This seems like a great introduction to the history. I have a problem with it, though.
In the first example, the method compute_error_for_line_given_points is called with values 1, 2, [[3,6],[6,9],[12,18]]. Where did those values come from?
Later in that same example, there is an "Error = 4^2 + (-1)^2 + 6^2". Where did those values come from?
Later, there's another form: "Error = x^5 - 2x^3 -2" What about these?
There seem to be magic formulae everywhere, with no real explanation in the article about where they came from. Without that, I have no way of actually understanding this.
The other replies are already telling you that these are just examples. I want to stress that these are completely unrelated examples, which is bad form IMO.
If the first example had been kept, then the second would have been "Error = (6 - (2·3 + 1))² + (9 - (2·6 + 1))² + (18 - (2·12 + 1))² = (-1)² + (-4)² + (-7)² = 66", which is what compute_error_for_line_given_points evaluates to.
The third would have been "Error = (6 - (m·3 + b))² + (9 - (m·6 + b))² + (18 - (m·12 + b))² = 3·b² + 42·b·m - 66·b + 189·m² - 576·m + 441" and its derivative would have to be taken in two directions, giving "dError/dm = 42·b + 378·m - 576" and "dError/db = 6·b + 42·m - 66". Visualizing that slope would require a 3D plot.
>Am I missing something fundamental here?
Yeah, these aren't magic formula, they are just examples.

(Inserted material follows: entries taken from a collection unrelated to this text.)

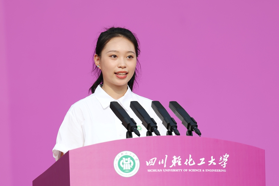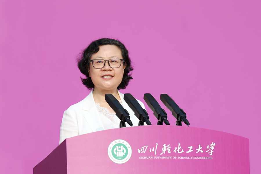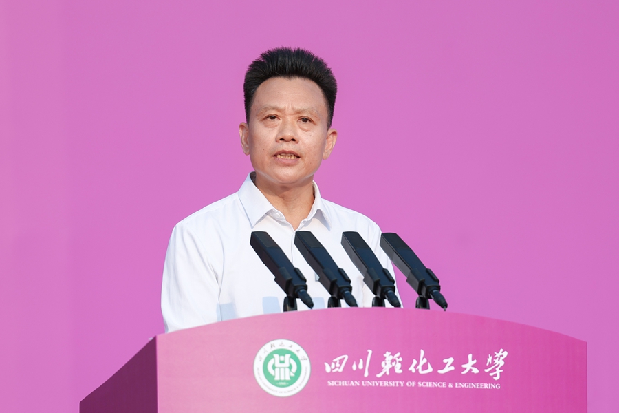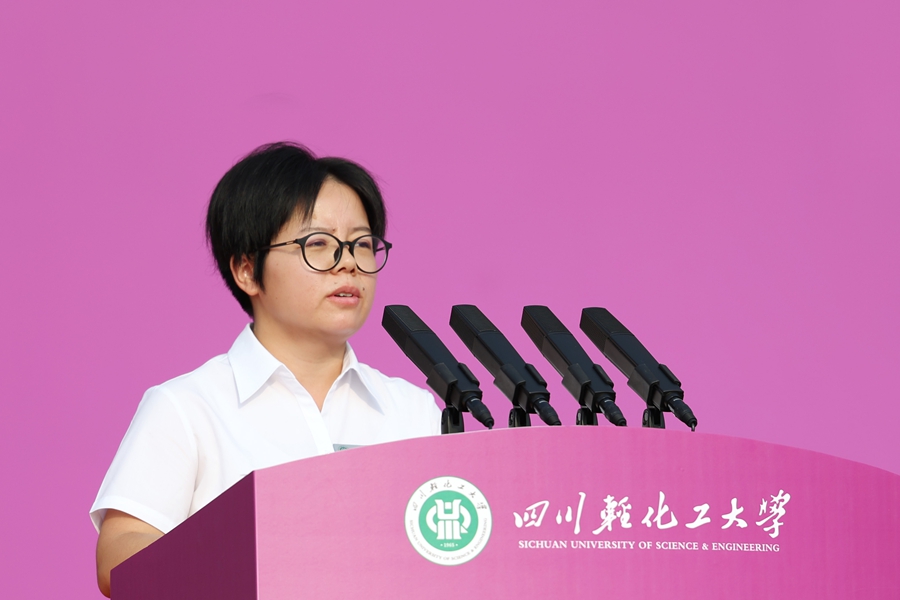 自贡市人民政府副市长周耘在致辞中代表市委、市政府,对奋勇拼搏、圆梦高考的优秀学子表示欢迎,“你们的到来,不仅是川轻化的新生力,也为自贡这座老工业城市注入了蓬勃动力和青春热力。”她介绍自贡的基本情况和特色名片,讲述自贡人素有爱国主义传统和勇于创新创造的精神品质,并表示大家来到大学和自贡,不仅要获取知识,更要培养应对变革、引领未来的能力,成长为社会发展之栋梁。
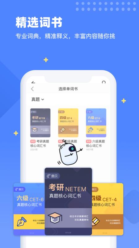 【海量词库】 四六级,专四,专八,考研,托业,托福,雅思,高考英语,BEC, GMAT,SAT,TED,自考英语,新闻英语,商务英语... 应有尽有。
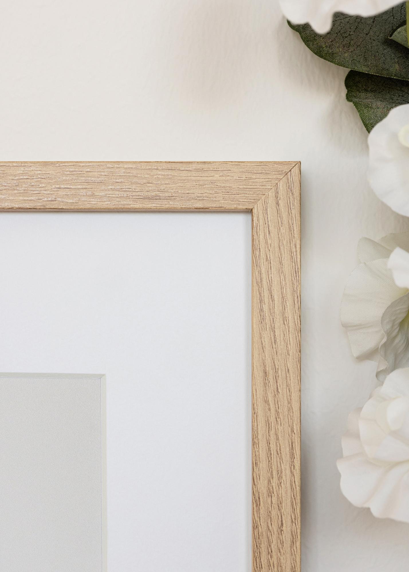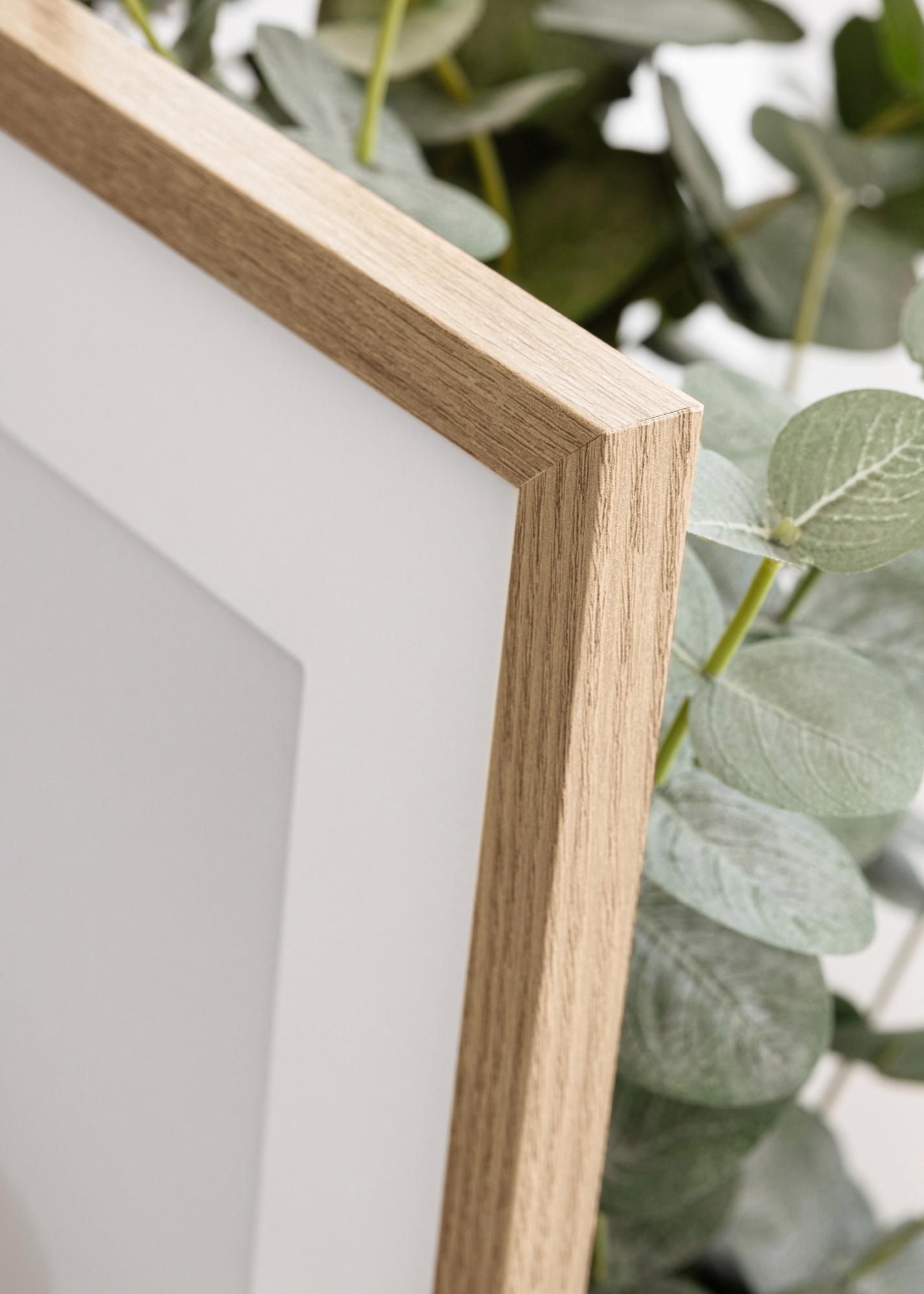 A moldura é feita de material MDF com uma superfície folheada em carvalho e tem um perfil de moldura fino de 14 mm. Há bastante espaço para complementar suas imagens com um passe-partout luxuoso, graças à profundidade interna da moldura de 12 mm.
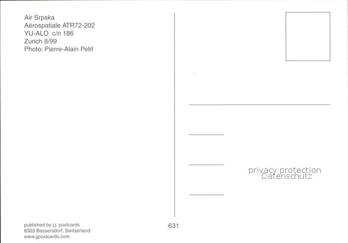 Flugzeuge Zivil Air Srpska Aerospatiale ATR72-202 YU-ALO c/n 186 postalisch nicht gelaufen Erhaltung siehe scans
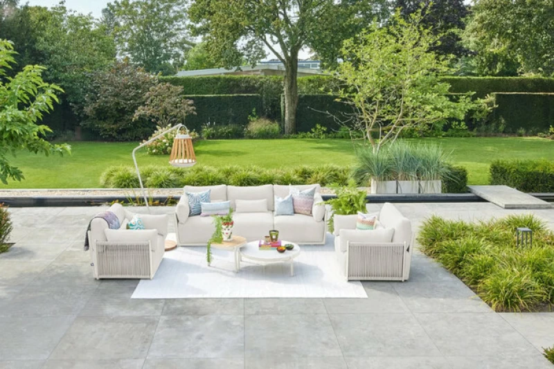 Kompletní sedací souprava SUNS Sorrento s 3-místnou sofou, 2 křesly a 2 stolky. Hliníkový rám s provazovým pletením, rychleschnoucí pěna a vodoodpudivá látka Sunproof® Olefin. Celoroční venkovní použití, bezprecedentní komfort. Dostupné další konfigurace.
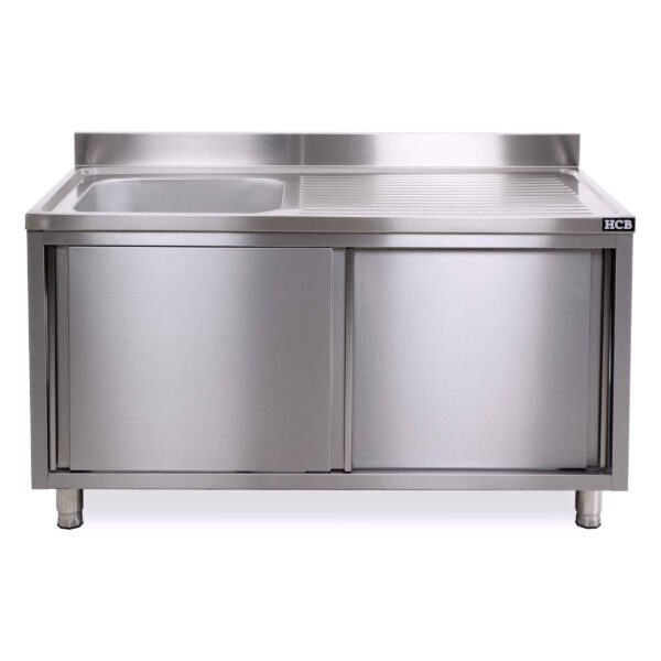 HCB Spoeltafel – enkele spoelbak links – schuifdeuren – 140 cm – RVS
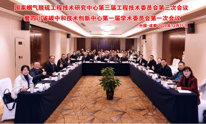 12月15日,由太阳成集团tyc151cc主办的国家烟气脱硫工程技术研究中心(以下简称脱硫中心)第三届工程技术委员会第三次会议暨四川省碳中和技术创新中心(以下简称省碳中和中心)第一届学术委员会第一次会议顺利召开。中国工程院院士魏复盛、郝吉明、侯立安、石碧、段宁、刘文清、蒋剑春、贺泓、高翔,四川省科学技术厅副厅长田云辉、四川省生态环境厅副厅长彭勇,太阳成集团tyc151cc副董事长梁斌、副董事长褚良银出席会议。
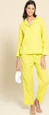 For You Moda 3'lü Organik Beyaz Biyeli Sarı Pijama Takımı Çeşitli renkleriyle %100 organik olarak üretilen 3 parçadan oluşan bu takım ile evde de göz kamaştırmaya hazır mısın? Uzun kollu bir gömlek ile ayak bileklerine kadar uzanan bir pantolon ve kendi renginde uyku gözlüğünün uyumlu birlikteliğinden oluşuyor. Doğal, organik yapısı, şık tasarımı ve konforlu yapısıyla huzurlu uykular vadediyor. Günün her anında giyebilirsin. Kalıplar tam kalıptır. Bedeninizi alabilirsiniz.
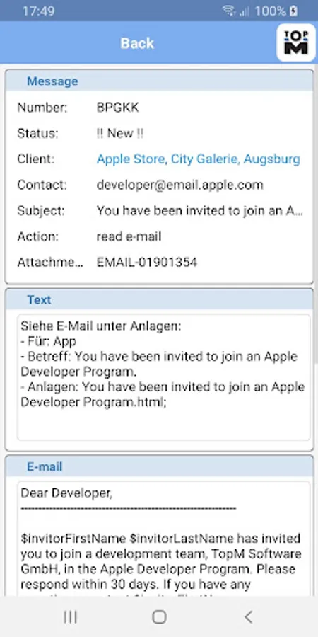 of TopM Software GmbH anytime and anywhere. Managers, executives, sales and service staff can stay informed about business transactions, view reports, manage contacts and carry out sales and service activities.
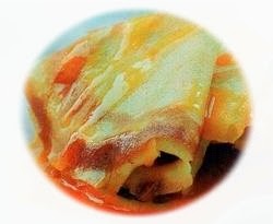 2. Panaskan pan dadar, olesi dengan margarin. Tuang 1 sendok sayur adonan, ratakan hingga terbentuk lapisan dadar tipis. Masak hingga matang. Lakukan hal yang sama hingga bahan habis.
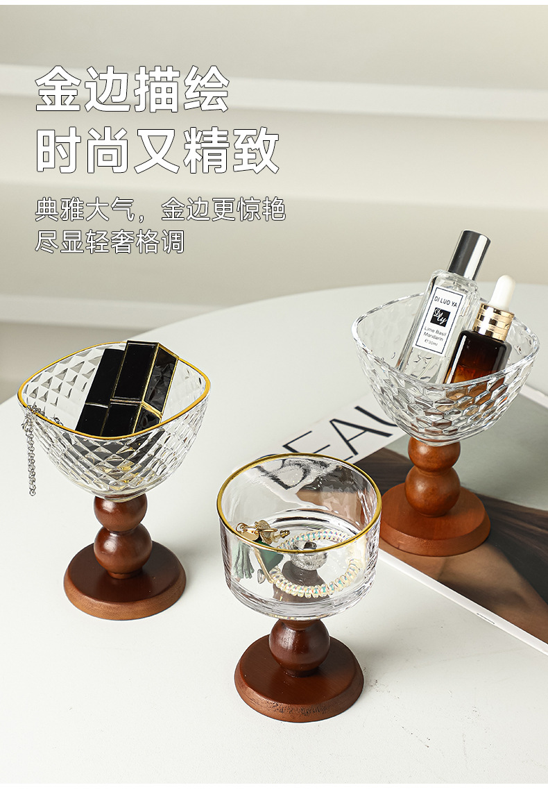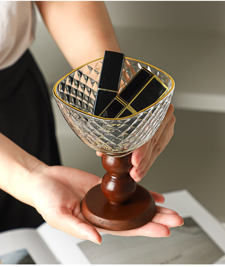 망치로 두드린 금테 유리 + 갈색 나무 높은 다리
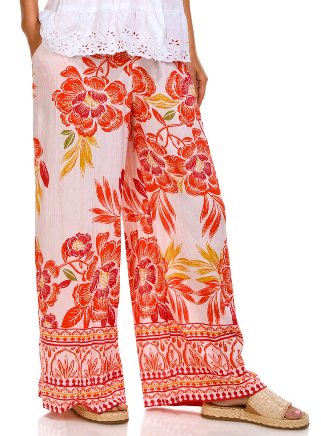 Introducing the Juniors Floral Border Print Pants, crafted from 100% rayon for a lightweight and comfortable fit. These stylish pants feature a pull-on waistband for easy wear and a wide-leg fit that offers both elegance and freedom of movement. The vibrant floral border design adds a touch of sophistication, making these pants perfect for any casual or semi-formal occasion. Embrace effortless style with this versatile piece.
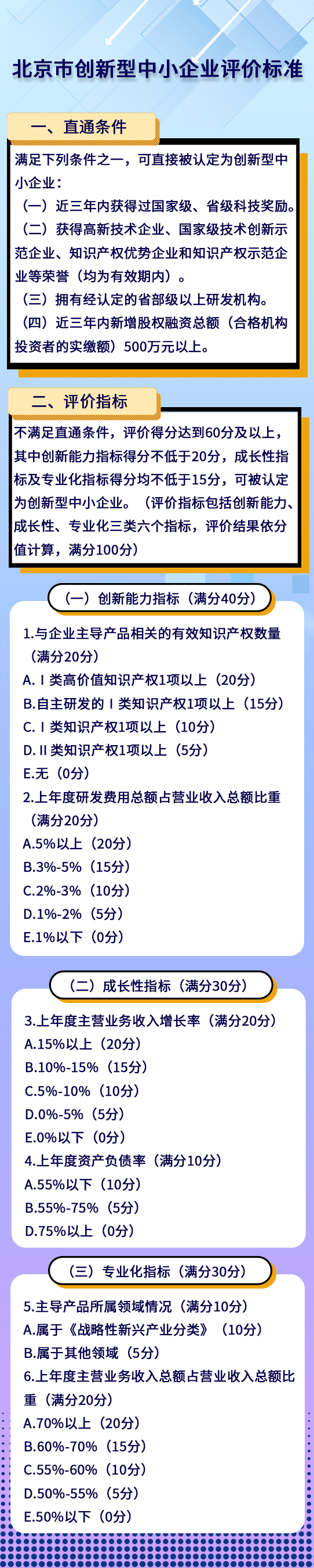 对于北京市创新型中小企业,本市将加大普惠支持服务力度,推动企业加快成长为专精特新中小企业。
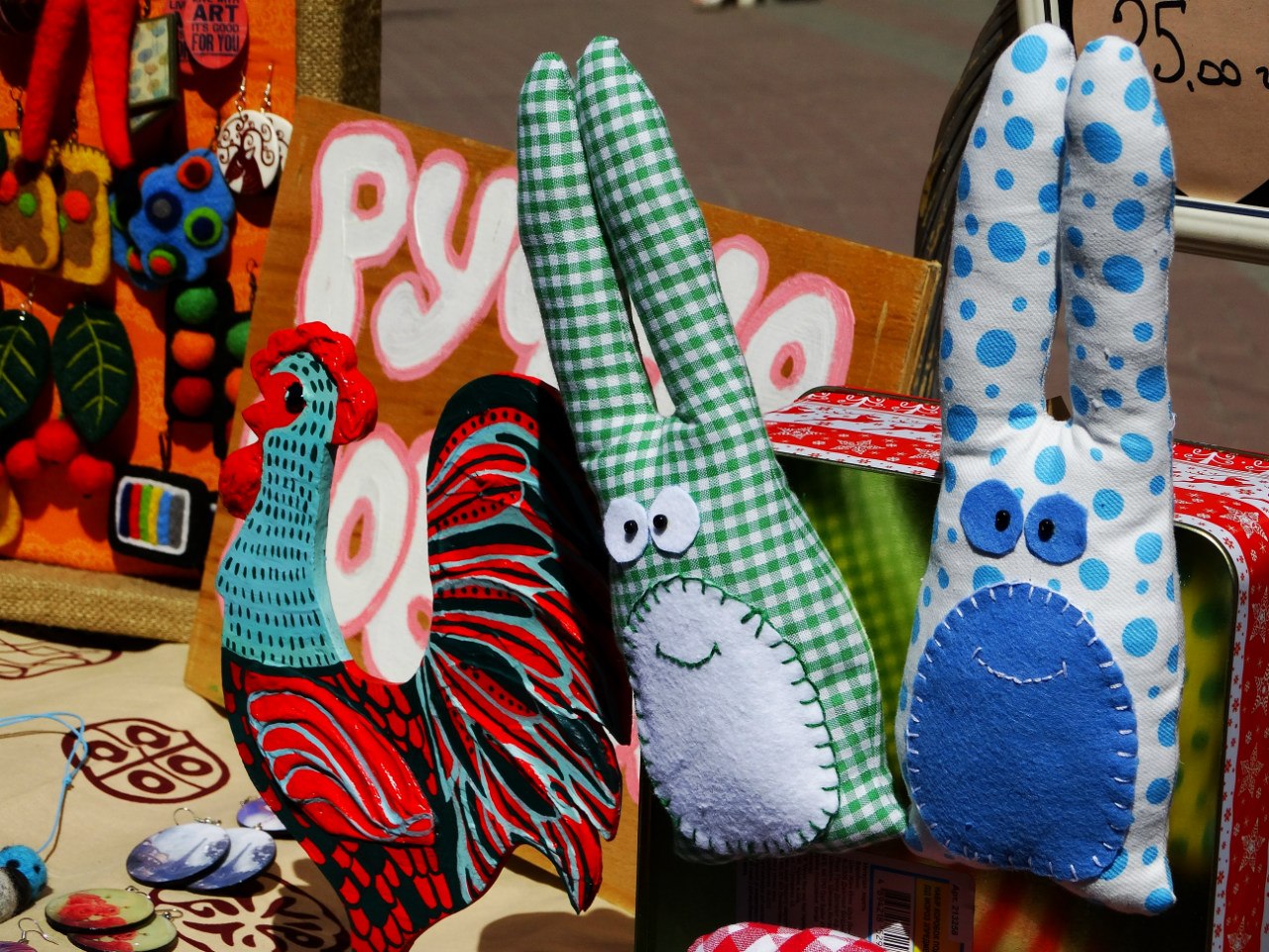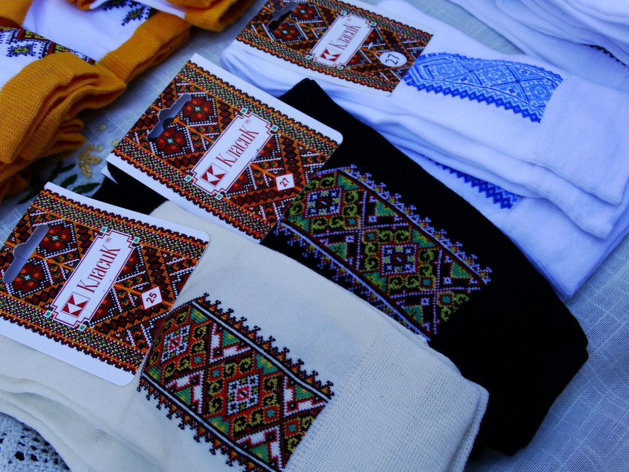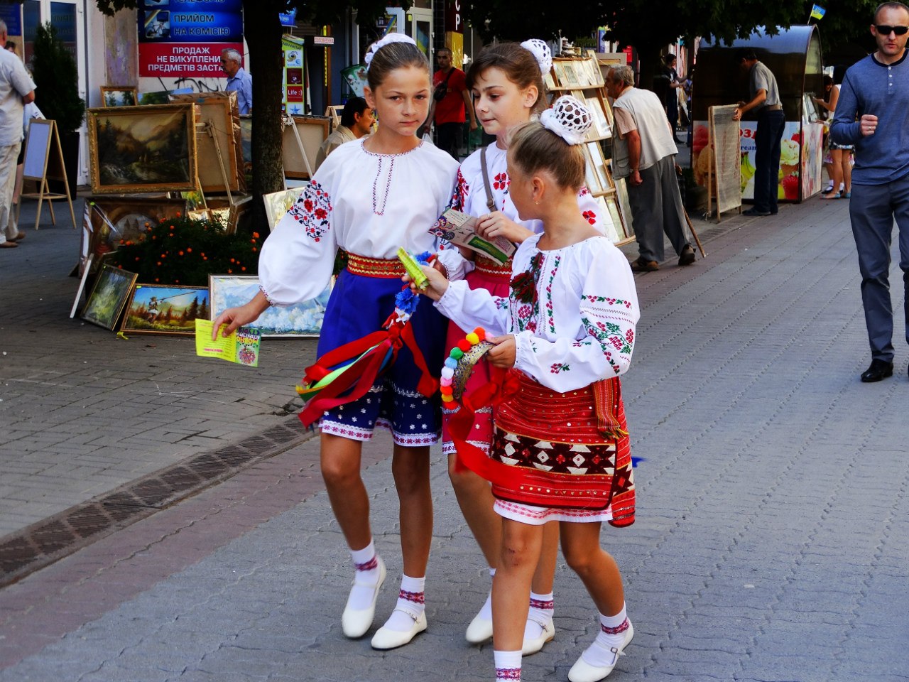 Від самого ранку на пішохідній частині вулиці Незалежності розпочався патріотичний ярмарок. У продажі - стилізовані українським орнаментом шкарпетки, різноманітні керамічні вироби, вишиті сорочки, лялки ручної роботи і звичайно ж уже традиційні футболки із надписами про Путіна.

>In the first example, the method compute_error_for_line_given_points is called with values 1, 2, [[3,6],[6,9],[12,18]]. Where did those values come from?
It's an example. The first two arguments define a line y = 2x + 1,
the pairs are (x,y) points being used to compute the error.
"To play with this, let’s assume that the error function is Error=x^5−2x^3−2"
This is just an example of a function used as exposition to talk about derivatives.
It isn't even an error function though. An error function has to be a function of at least two variables.
Good point. They are all example data. The "[[3,6],[6,9],[12,18]]" can be thought of as the coordinates of a comet, and 2 is your predicted correlation, the slope, followed by 1 your predicted constant, the y-intercept. In this case, you want to change 2 and 1 to find the combination that results in the lowest error. It the same with "Error = 4^2 + (-1)^2 + 6^2", it's an example of an error function. Does that make sense?
In the first example, the method compute_error_for_line_given_points is called with values 1, 2, [[3,6],[6,9],[12,18]]. Where did those values come from?
Later in that same example, there is an "Error = 4^2 + (-1)^2 + 6^2". Where did those values come from?
Later, there's another form: "Error = x^5 - 2x^3 -2" What about these?
There seem to be magic formulae everywhere, with no real explanation in the article about where they came from. Without that, I have no way of actually understanding this.
Am I missing something fundamental here?